Como sabemos, el trasplante es, hasta ahora, el mejor tratamiento que un enfermo renal puede recibir, mi papá, que era la única persona que se pudo hacer los estudios no pudo ser mi candidato, mi mamá era hipertensa y tampoco podía donarme, mi hermana era más pequeña que yo y pues menos podía hacerlo. Cuando supimos que no había nadie que me pudiera donar, otra vez, se me vinieron abajo mis sueños, pensaba que nunca iba a poder a regresar a mi vida de antes. Lo pensaba porque escuchaba que decían que la lista de espera es muy larga y que había que tener mucha paciencia.

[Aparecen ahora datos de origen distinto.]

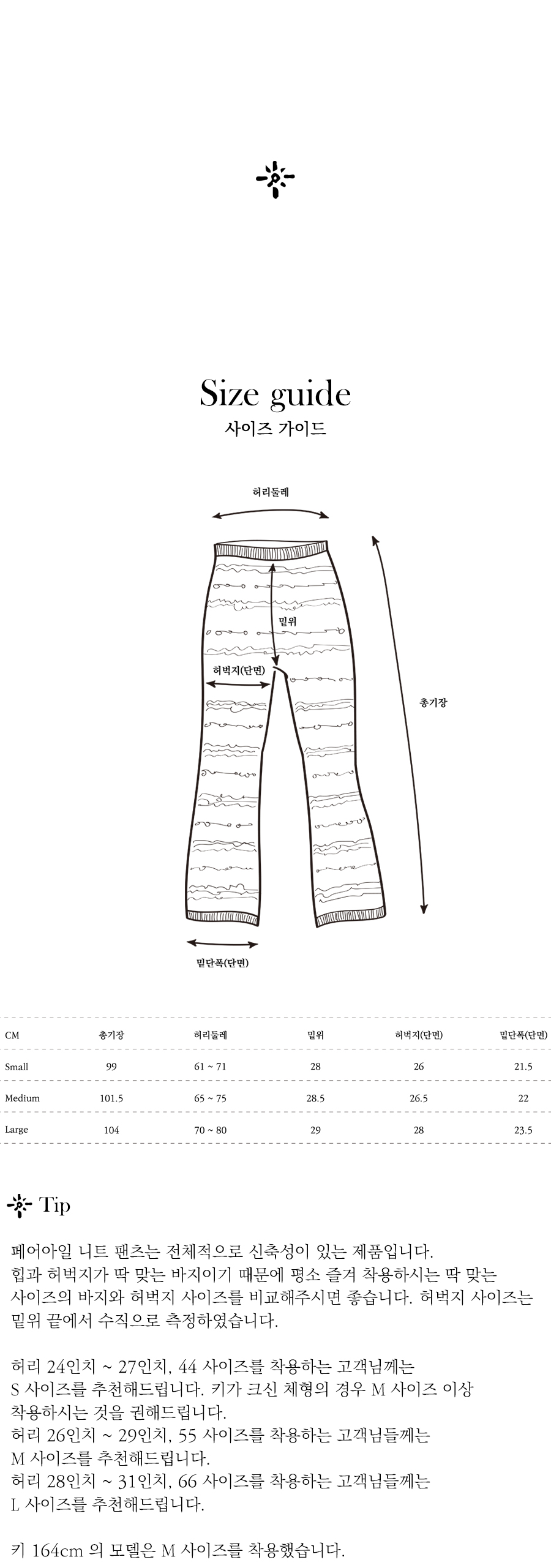 페어아일 니트 팬츠는 전체적으로 신축성이 있는 제품입니다. 기장 수선이 쉽지 않은 제품이라 길이에 대한 고려가 가장 많으실텐데, 저희의 착용 경험에 의하면 키 168cm 정도의 키까지는 M 사이즈를 착용하는 것이 좋았습니다. 바지가 신축성이 있고, 딱 맞게 착용하는 것이 예쁜 바지이기 때문에 업사이즈보다는 정사이즈 또는 다운사이즈가 적절한 사이즈 선택이 되실 것 같습니다. 키 162 ~ 164cm 정도의 평균 체형에게 M 사이즈가 가장 잘 맞습니다.
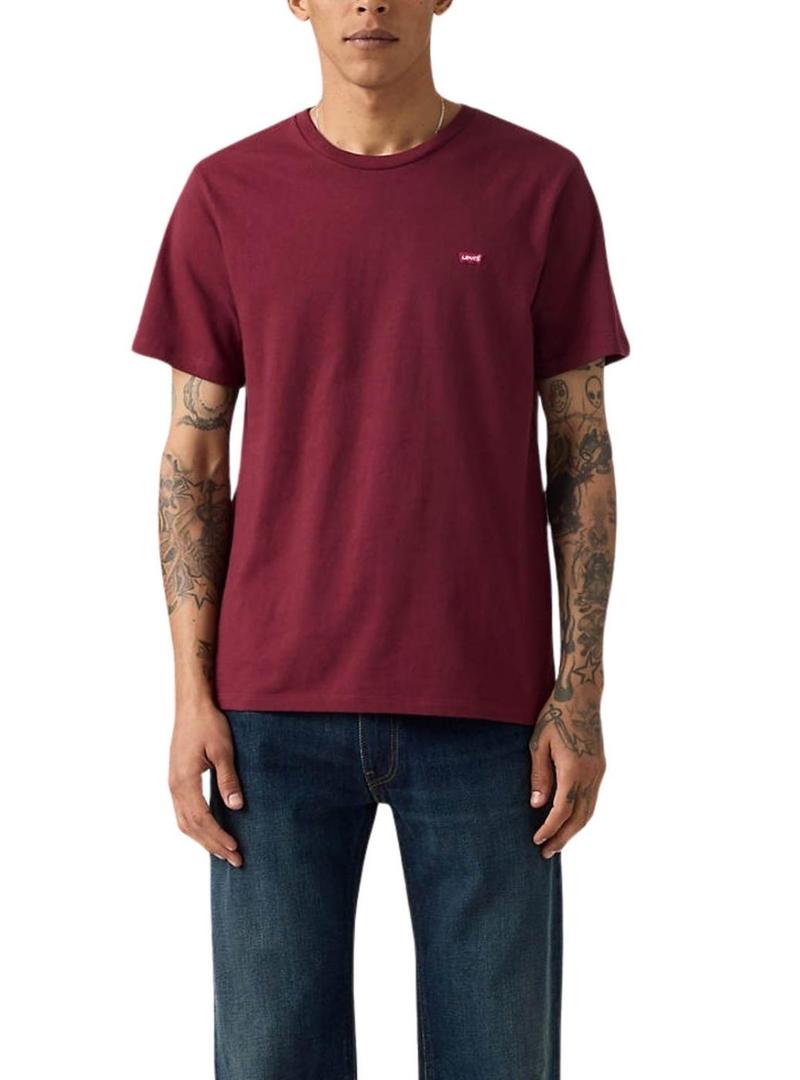 Camiseta Levis. Modelo básico. Cor granada. Gola redonda canelada. Manga curta. Logotipo no peito. Corte padrão. O modelo veste tamanho M.
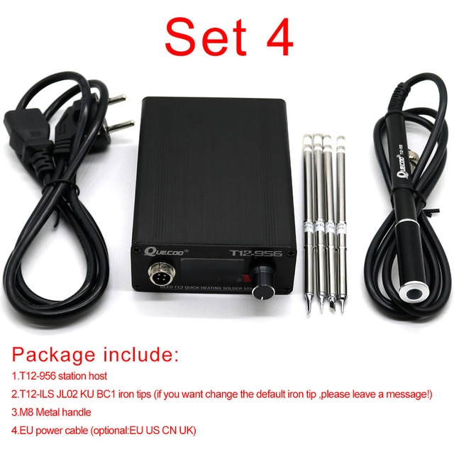 QUECOO T12-956 Soldering Digital Station Electronic Soldering iron OLED 1.3inch with Black M8 handle and T12 soldering iron tips

Por otro lado, comprendí que el simple hecho de estar viva ya era un motivo para salir adelante. Así que yo trataba de hacer las cosas como antes, cuidaba mi catéter, el mío era Mahurkar, pero a cada rato me tenían que coser porque se me zafaban los puntos. Otra personita que me ayudó mucho a valorar mi vida fue Emilio (mi sobrino) que a pesar de, en ese tiempo, tener cuatro años, siempre me cuidó, me preguntaba qué podía comer y me compartía, en una ocasión fuimos a montar caballo y disfrute tanto ese día, que llegó un momento en el que se me olvidó el catéter y al otro día ¡oh sorpresa! Se me había zafado el catéter por haberme ido a montar, recuerdo que ese día el doctor me dijo: “Ana Karen para la otra ya no te voy a coser, sino a poner una agujeta para que te lo amarres tú cada vez que se te zafe” y echamos una carcajada.

Mi trasplante

Un martes 6 de noviembre del 2012, llegaron al hospital dos riñones para hacer posible dos nuevos nacimientos, dos trasplantes. En ese momento pensé que me gustaría que uno de esos riñones fuera para mí, pero yo apenas iba a cumplir un año con la enfermedad renal y no tenía mucho de haber entrado a la lista de espera. Algo mágico pasó ese día, pues un doctor (el cual conozco desde que él era residente y que hasta la fecha lo sigo visitando), entró corriendo a la sala hemodiálisis, casi exigiendo que me desconectaran porque me iba a meter para hacerme los estudios y ver si era compatible para que me trasplantaran. Dentro de mí tenía sentimientos encontrados, no sabía si llorar, gritar, simplemente acaté las órdenes que me daba el doctor. Tomaron mi muestra y en la sala de espera éramos cinco personas las que deseábamos que nos trasplantaran, una de esas personas era mi “comadre” Andrea, la cual se encontraba internada porque le habían puesto otro catéter. Fue una noche larga, los doctores decidieron internarnos a todos para que en el momento de dictaminar a quien le iban a dar esa oportunidad, estuviéramos listos para entrar al quirófano. Esa noche me tuvieron que transfundir sangre y eso me hizo pensar que yo ya no sería una candidata para el trasplante. Al siguiente día, miércoles 7 de noviembre del 2012, a las 9:30 am los doctores tenían los resultados de los análisis y llamaron a los papás para dar la noticia de quién de esas cinco personas iban a trasplantar.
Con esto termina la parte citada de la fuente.